In the records below, the part to copy starts at the line containing "Post Office Department, Transportation" and goes to the last line; output it exactly, without pictures.
Record excerpts START
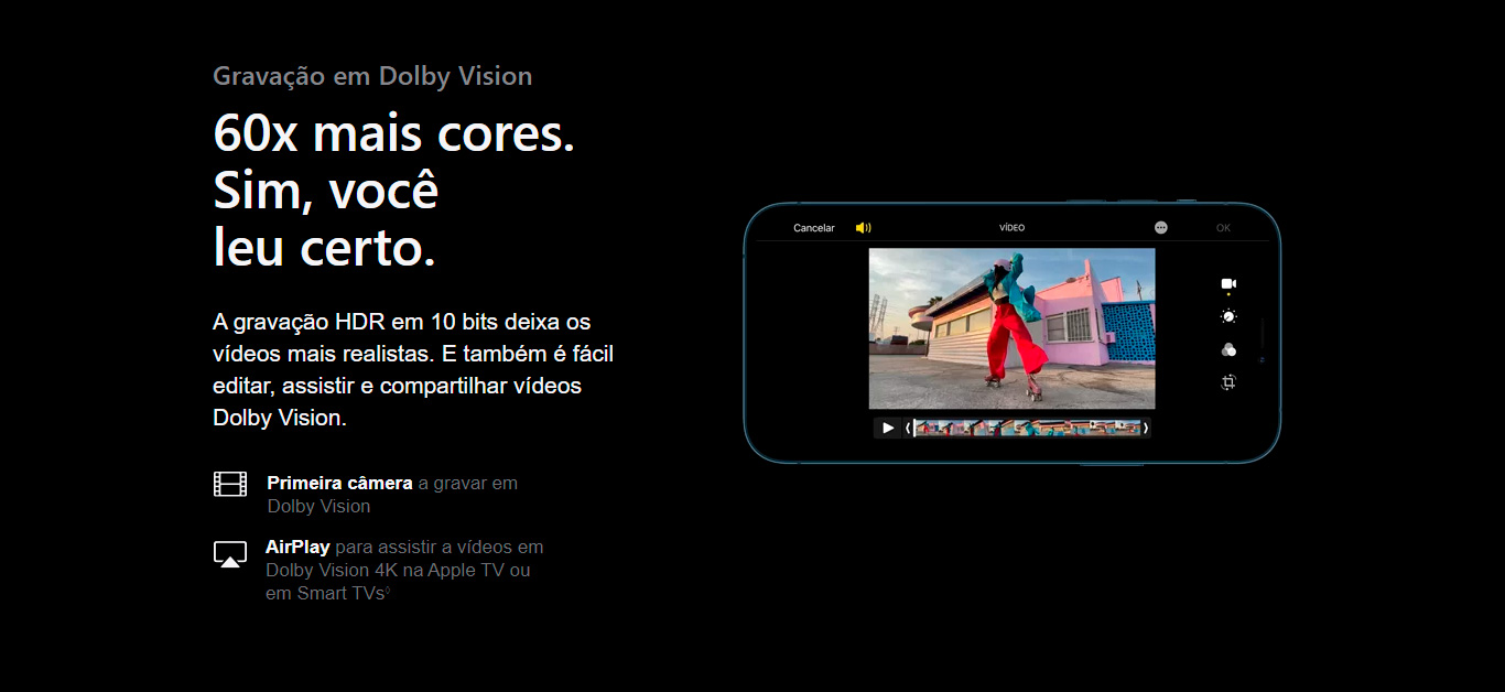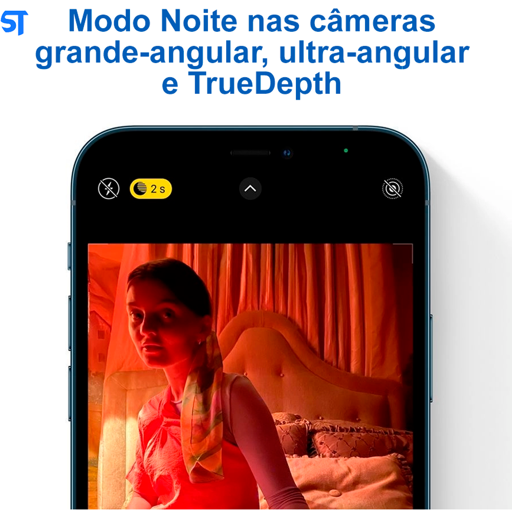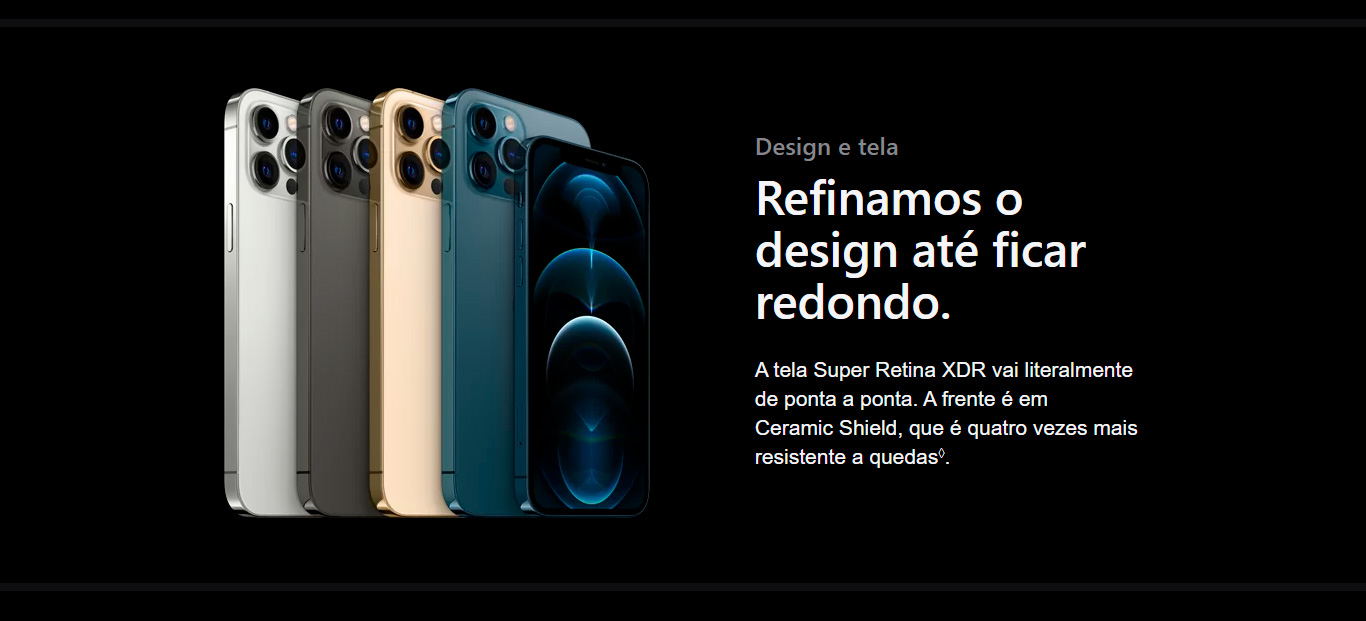 iPhone 12 Pro. Tela Super Retina XDR brilhante de 6,1 polegadas. Ceramic Shield, que é quatro vezes mais resistente a quedas. Fotos surpreendentes em pouca luz com o novo sistema de câmera Pro e alcance de zoom óptico de 4x. Reprodução, edição e gravação de vídeos em Dolby Vision com qualidade de cinema. Retratos com modo Noite e experiências ainda melhores em realidade aumentada com o Scanner LiDAR. Com poderoso chip A14 Bionic. Compatível com 5G. E novos acessórios MagSafe com encaixe fácil e recarga sem fio mais rápida.
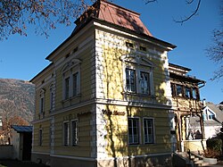 Das ehemalige Primarhaus entstand 1929 nach Plänen von Hans Menardi als Villa für den Primar des Bezirkskrankenhauses. Der zweigeschoßige Villenbau über nahezu quadratischem Grundriss ist von der asymmetrischen Anordnung der Türen und Fenster geprägt, die Südostecke wurde als über zwei Geschoße verlaufender Runderker ausgeführt. | BDA-Hist.: Q37760065 Status: § 2a Stand der BDA-Liste: 2024-06-15 Name: Primarhaus des Bezirkskrankenhauses Lienz GstNr.: .110 |
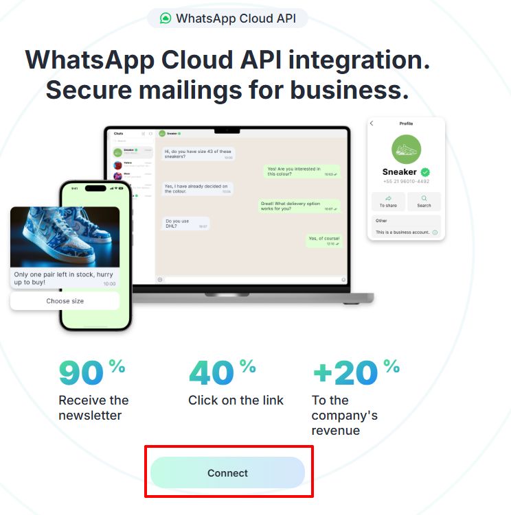 The WhatsApp Business API connection procedure without restrictions takes up to 40 minutes.
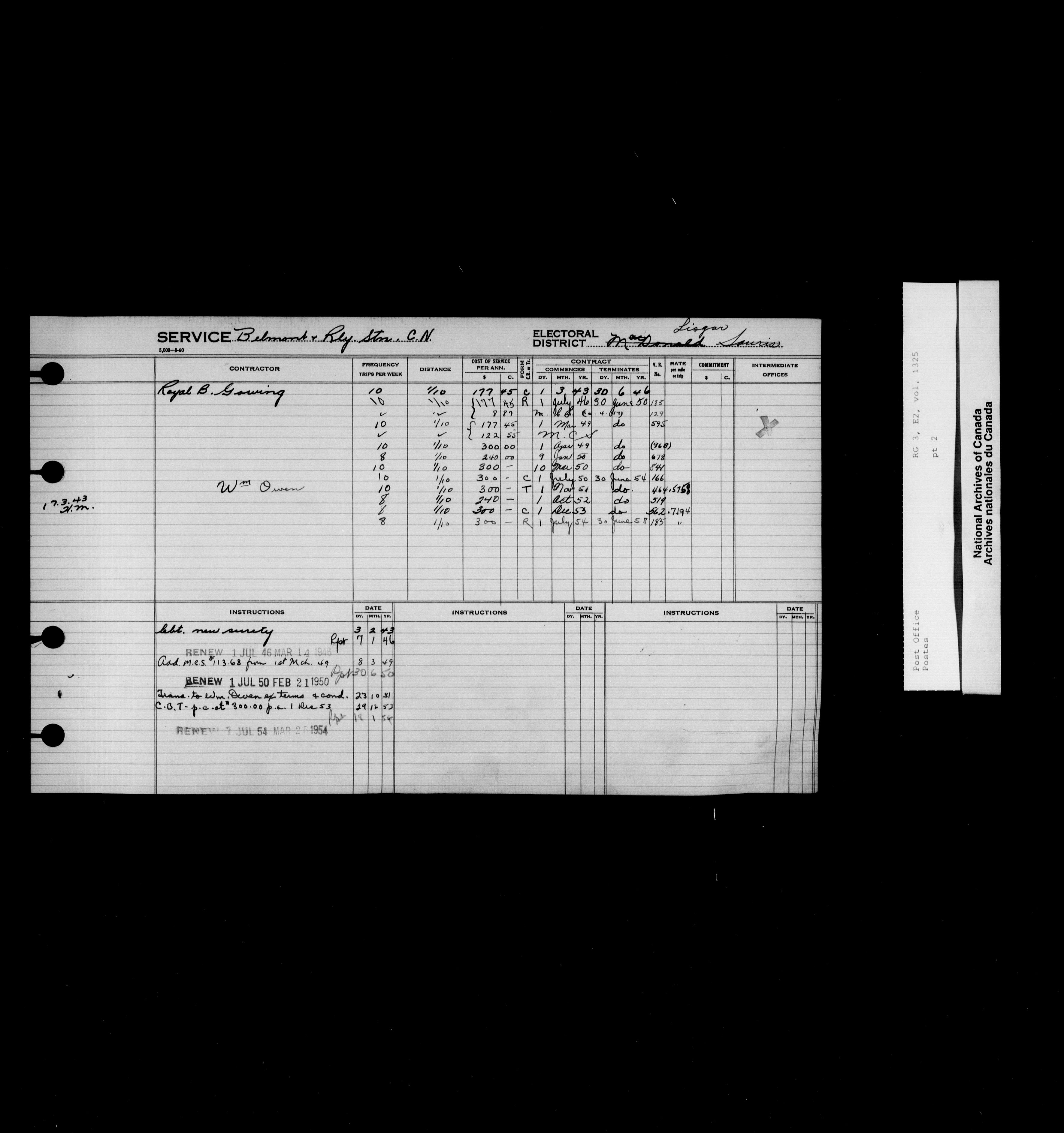 Post Office Department, Transportation Branch : Mail service contract registers, 1839-1980 - 9983
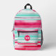 Modern Preppy Cyan Magenta Monogram Printed Backpack
Record excerpts END
### Response box
 Post Office Department, Transportation Branch : Mail service contract registers, 1839-1980 - 9983
 Modern Preppy Cyan Magenta Monogram Printed Backpack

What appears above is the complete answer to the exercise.